憲法についての報道や、様々な意見に接するとき、私にはいつも戸惑いがあります。私自身が憲法のことを知らなすぎるのです。
万世一系の天皇が統治し、ファシズムに染まった国が、一夜にして国民主権、戦争放棄を謳う国になった。終戦の混乱のさなか革命のような変革の中心である憲法はどうやって出来上がったのか。私はほとんど何も知りませんでした。
ロースクールで読んだ憲法の教科書にも、多少は説明がありました。でもそれは法として見た憲法についてであって、私が知りたいこととはちょっと違います。
私はもっと単純に、具体的な事の経緯、生の出来事が知りたいのです。
戦後70年余、常に改憲を主張する声はありました。でも結局憲法は一字たりとも変わっていない。憲法を変えるのは大変なのです。
それが、終戦直後の極めて短期間のうちに、それまでの帝国憲法とは完全に別の憲法が成立した。いま私たちが想像するような普通のやり方では到底できっこない荒業です。でも、一体それがどのようにして行われたのかを、私はほとんど知りませんでした。
一応は法律を学んだ私がその程度ですから、同じような人も多いのでないかと想像します。どんなことでもそうですが、事実を知らずに議論はしたくありません。
そう思っているうちに知ったのが白洲次郎で、白洲のことは前の記事で少し書きました。

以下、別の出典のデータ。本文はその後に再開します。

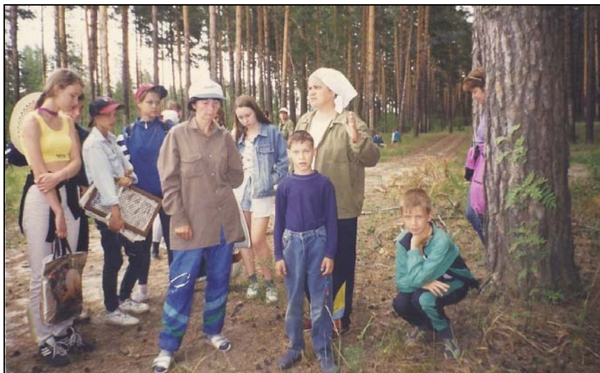
Рис. 8. Работа со школьниками. Fig. 8. Working with schoolchildren.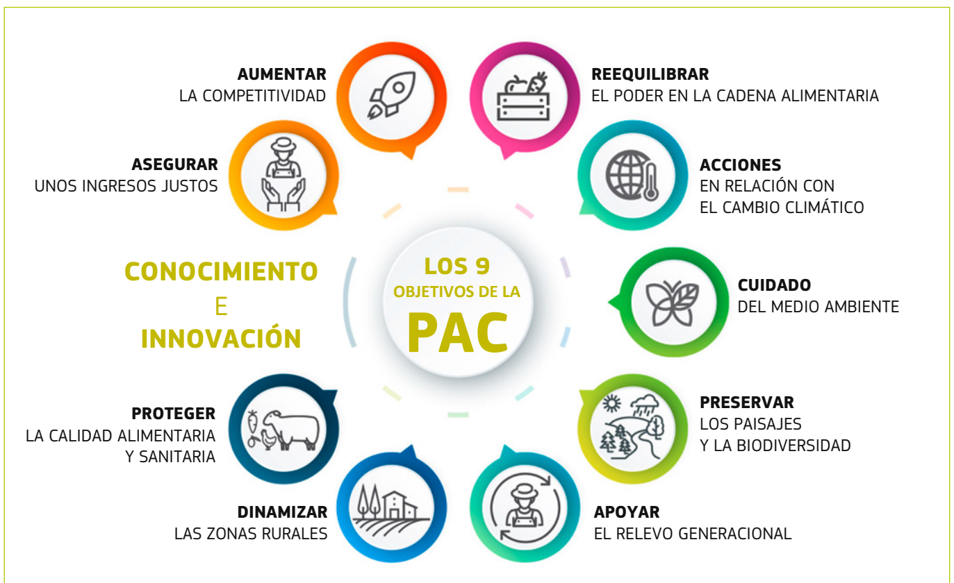
Gráfico 1: Los nueve objetivos propuestos para la PAC 2021-2027

el gráfico 1) a los que los EM deben demostrar que contribuyen de manera coherente mediante las actividades que proponen financiar de ambos pilares de la PAC. Estos se establecerán en los nuevos planes estratégicos de la PAC, ampliando la forma de apoyo de la programación para el desarrollo rural al pilar I por primera vez. Estas actividades deben encajar dentro de una serie de intervenciones tipo. Dentro de este marco, los Estados miembros tendrán mucha más libertad para decidir los detalles de qué se financiará exactamente y dónde. El desempeño de estos objetivos se evaluará mediante una serie de indicadores, que se basan en la experiencia del actual Marco Común de Seguimiento y Evaluación (MCSE). Es importante destacar que estos planes deben mostrar una mayor ambición con respecto a los objetivos medioambientales y relacionados con el clima en comparación con la situación actual.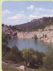
Lac des mines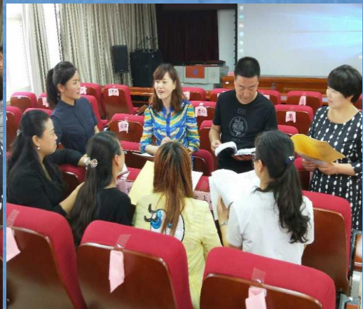
交流培训感受 分享学习收获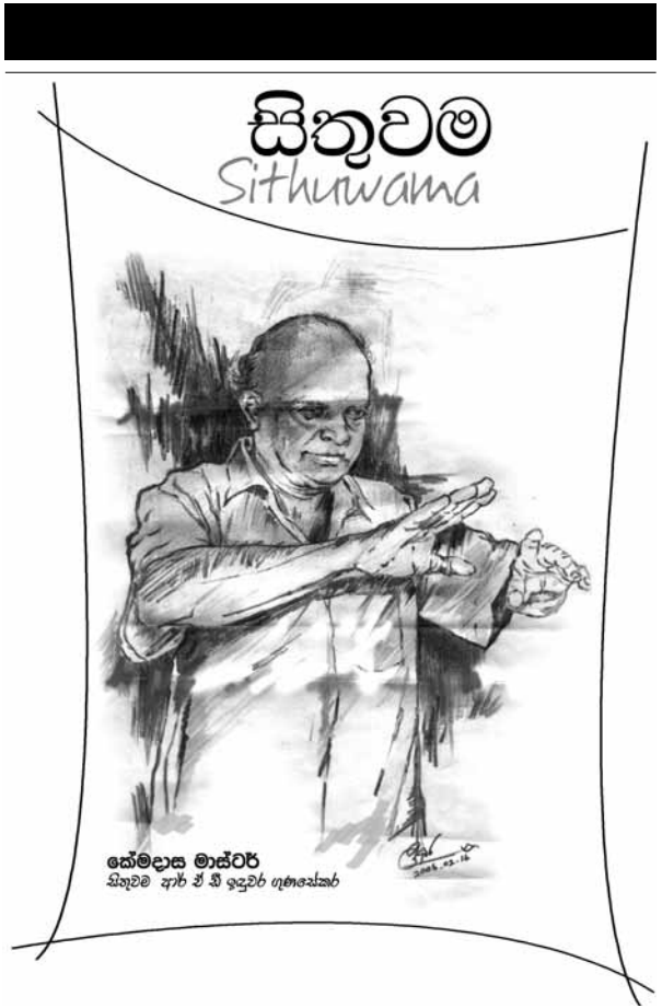
කේමළාස මාස්ටර් සිතුවම අග්‍ර ඒ ඒ ඉදුවර ගෞරවයකරු

-අවුරුද්ද ගැන නම් ඉතින් පිටුවක් හෙවෙයි, පත්තරේම පිරෙන්න වුණත් ලියන්න බැරය" පන් හති ඇරයා. ඒ අල්ල පනල්ලේ පින් තමන්ගේ වැඩේ අහවර කරලා. මන්විලි පදින

この本は白洲次郎を縦糸に、憲法改正に関わった人々の行動を小説風に書いたもの。
白洲のほかは、マッカーサー、GHQ民政局長のホイットニー、ケーディス、首相の吉田茂、日本側の草案をまとめた松本烝治らが主な登場人物です。
各人の言動はできる限り史実のとおり書かれているとのことです。出来事の描写は抑制されていて、大げさな演出は全くありません。細かな会話などは創作だと思われますが、確かに白洲なら、吉田ならと思わせる雰囲気が出ていて、自然です。小説とノンフィクションの中間のような、不思議な雰囲気の本になっています。
白洲次郎も活躍しますが、スーパーマンではなくあくまで政府とGHQとの連絡役として描かれており、周囲から見れば現実の白洲は確かにこんな風に見えたのではないかと思えました。

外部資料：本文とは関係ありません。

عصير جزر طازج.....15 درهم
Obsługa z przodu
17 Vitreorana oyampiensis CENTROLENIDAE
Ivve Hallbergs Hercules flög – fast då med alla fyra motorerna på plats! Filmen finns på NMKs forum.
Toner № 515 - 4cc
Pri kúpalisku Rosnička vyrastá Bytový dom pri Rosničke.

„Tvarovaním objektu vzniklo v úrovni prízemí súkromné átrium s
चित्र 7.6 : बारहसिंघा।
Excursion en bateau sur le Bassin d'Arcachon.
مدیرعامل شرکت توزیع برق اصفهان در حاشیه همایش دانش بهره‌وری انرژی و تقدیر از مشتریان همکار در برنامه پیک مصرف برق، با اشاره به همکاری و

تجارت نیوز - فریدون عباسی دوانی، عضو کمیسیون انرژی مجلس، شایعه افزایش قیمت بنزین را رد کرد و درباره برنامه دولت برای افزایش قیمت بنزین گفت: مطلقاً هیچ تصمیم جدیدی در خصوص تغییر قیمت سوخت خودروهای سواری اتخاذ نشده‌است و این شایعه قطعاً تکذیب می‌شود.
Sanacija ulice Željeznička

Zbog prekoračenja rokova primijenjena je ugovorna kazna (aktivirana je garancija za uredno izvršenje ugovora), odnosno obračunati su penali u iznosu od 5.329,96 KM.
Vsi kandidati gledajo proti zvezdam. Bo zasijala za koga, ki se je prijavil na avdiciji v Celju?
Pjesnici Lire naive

この本を読んで改めて分かったのは、現憲法がいかに短い時間で、GHQの強力な指導の下に成立したのかということです。
GHQから憲法改正を指示された日本政府は、自分たちの草案を元に協議するつもりでGHQとの会合を設定しました。それが昭和46年2月13日。そこで突然に、政府の草案とは完全に別物の英文の草案を示されて、日本側は驚愕し、狼狽しました。
そして、その内容の原則受け入れを回答したのが、わずか10日後の22日です。象徴天皇や戦争放棄という、国の根幹を変革する内容の憲法を、それだけの短期間に国民の議論抜きで、極秘のうちに政府が「やむなし」として、原則受諾を決めたのです。
しかもその直接的な動機は、ここで受諾しなければ連合国により天皇制が廃止され、天皇が戦犯として裁かれるおそれがあるとGHQから宣告されたためなのでした。
日本には、選択の余地はありませんでした。
最終的に完成した憲法は、同じ昭和46年11月3日に公布されました。戦争の惨禍に打ちのめされていた日本人は、平和主義をうたった新憲法を歓迎しました。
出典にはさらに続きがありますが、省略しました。